A prevention of the Supraspinatus tendon syndrome is difficult because the favoring anatomical factors cannot be avoided. However, the course of a supraspinatus tendon syndrome can be positively influenced by taking pain seriously and combating it early on using appropriate conservative therapy methods.
If the supraspinatus tendon syndrome is treated surgically, special follow-up care is required. The patient usually spends the first three days after the procedure in the hospital. Then the affected arm is immobilized for a period of four to six weeks using an arm bandage. This is a special arm cushion, which is also known as an abduction bandage.
For smaller activities, the patient can take his arm out of the bandage right from the start. However, it is necessary to consistently put on the arm pillow during the night. In this way, tendon overloads that happen unintentionally can be counteracted. The abduction bandage may also be taken off to take care of the body. However, intensive elbow movements should be avoided.
After around eight weeks, the rotator cuff of the shoulder is largely resilient again. This gives the option of post-treatment to rebuild mobility and strength of the affected arm. For this purpose, rehabilitation measures take place, which the patient carries out on an outpatient basis. They usually take at least three months to complete.
About two months after the surgery, you can go running again and after four to six months you can play ball sports again.
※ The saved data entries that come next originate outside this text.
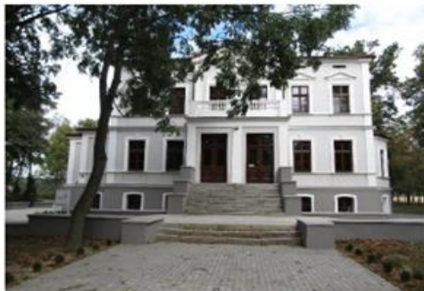
Pałac w Dąbrówce

Plebania wzniesiona w 1818-1825 r. Murowana, otynkowana, parterowa z przybudówką z 1870 r. od wschodu. Wnętrze dwutraktowe. Dach naczółkowy.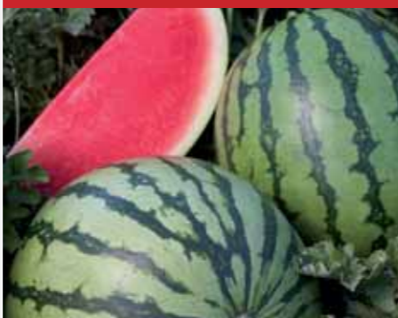
MAGNÉLKÜLI, CSÍKOS HÉJÚ Estel Deluxe F1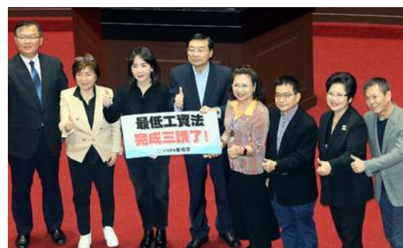
▲ 歷經朝野表決大戰，立法院會 12 日三讀通過最低工資法，國民黨立法院黨團在議場內拍照見證。

審議會未能達成共識者，得經出席委員過半數同意議決之。另外，中央主管機關應於最低工資審議會通過之次日起 10 日內，報請行政院核定後公告實施。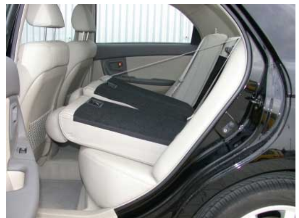
Die asymmetrisch geteilten Lehnen lassen sich nach vorne klappen, allerdings ergibt sich daraus keine ebene Ladefläche.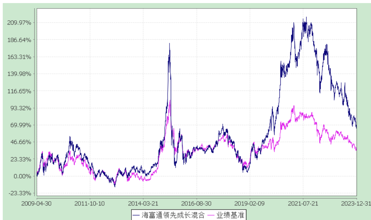
海富通领先成长混合型证券投资基金 份额累计净值增长率与业绩比较基准收益率的历史走势对比图 (2009年4月30日至2023年12月31日)

注：按照基金合同规定，本基金建仓期为基金合同生效之日起六个月，即 2009 年 4 月 30 日至 2009 年 10 月 29 日。建仓期结束时本基金投资组合均达到本基金合同第十二条（二）、（七）规定的比例限制及本基金投资组合的比例范围。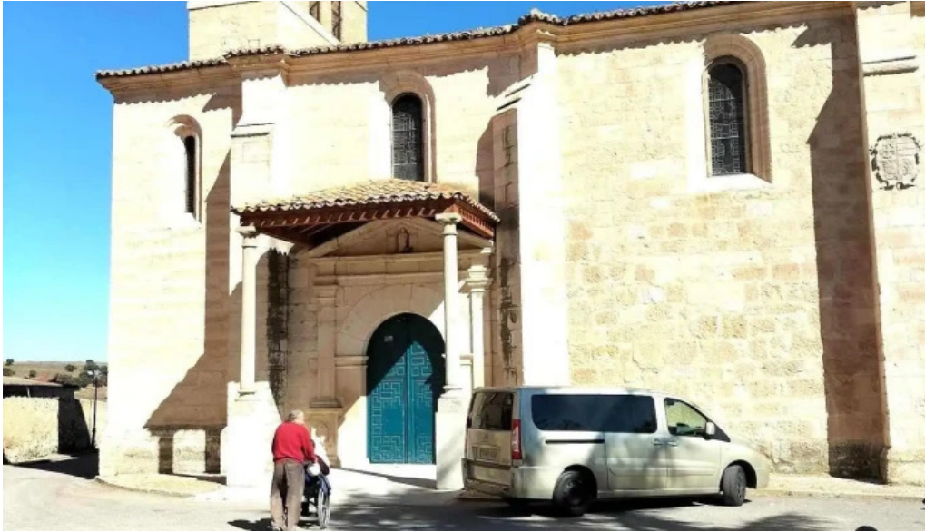
Iglesia de santo tomas de canterbury iglesia catolica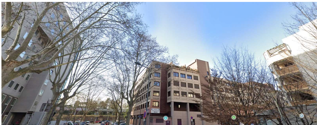
Vue 3 – (Mars 2023)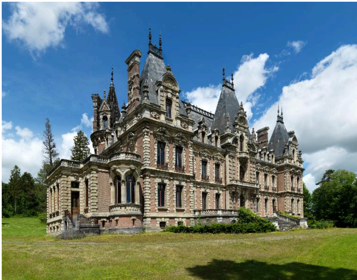
Flixecourt, demeure dite château de la Navette, Paul Delefortrie architecte, 1882.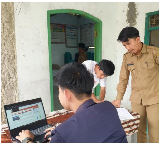
Lampiran 20. Pengoptimalisasian website Desa Kota Jawa bersama Sekretaris Desa Kota Jawa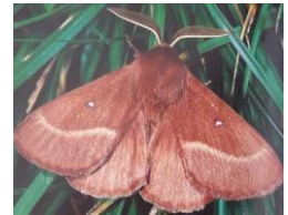
Futur Lasiocampa trifolii-Bombyx du trèfle , papillon de nuit

Dans une touffe d'herbe on trouve une chenille de Minime à bandes jaunes.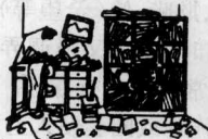
in a mess 一团糟

mess [mes] n. ①凌乱状态,脏乱状态②混乱的局面,困境 vt. 弄糟,弄脏,搞乱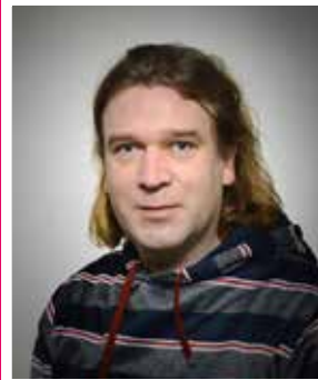
104 Turikka Kaukametsä

Argeologian maisteriopiskelija Puistopuutarhuri, Huk Toijala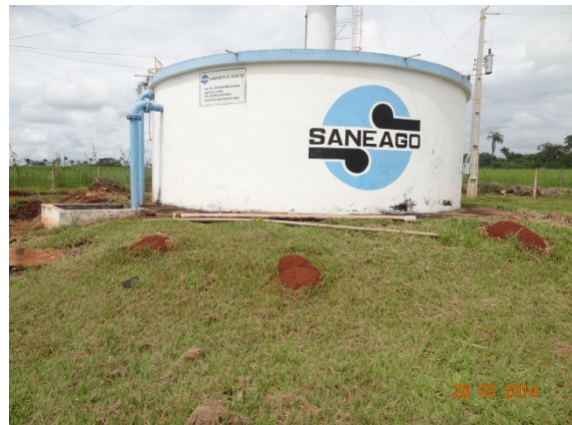
Foto 2- Pintura recuperada.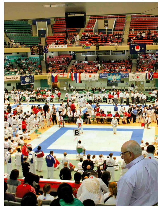
Дворец боевых искусств «Будокаан»

Следующий Кубок Сето будет проведен через три года в Европе. Где – пока еще неизвестно. Зато понятно, что спортсмены, представляющие нашу большую страну, через «золото»

To treat postoperative pain, the patient is given a pain catheter and local intermittent treatments with ice, which have anti-inflammatory effects.
Chronic pain syndromes such as supraspinatus tendon syndrome can be treated by a number of self-help measures.
First of all, it is important to protect the affected limb. The injured tendon should not be subjected to heavy loads for at least 14 days. The tendon can be cooled externally, as the cold slows down any inflammation and relieves pain. After the acute symptoms have largely subsided, warmth is recommended. In connection with moderate exercise, warm pads or compresses stimulate the metabolism and thus contribute to a quick recovery. Sport can be started again when the pain has completely subsided and the doctor gives his okay. Then gentle sports such as swimming or slow walking are particularly suitable.
The supraspinatus tendon syndrome usually progresses progressively. Therefore, the accompanying measures must be retained in the long term. A healthy lifestyle reduces chronic pain and improves well-being. Patients suffering from supraspinatus tendon syndrome should consult their doctor, who can provide precise treatment options. He may recommend attending a shoulder school, through which the patient learns to move the shoulder below the pain threshold.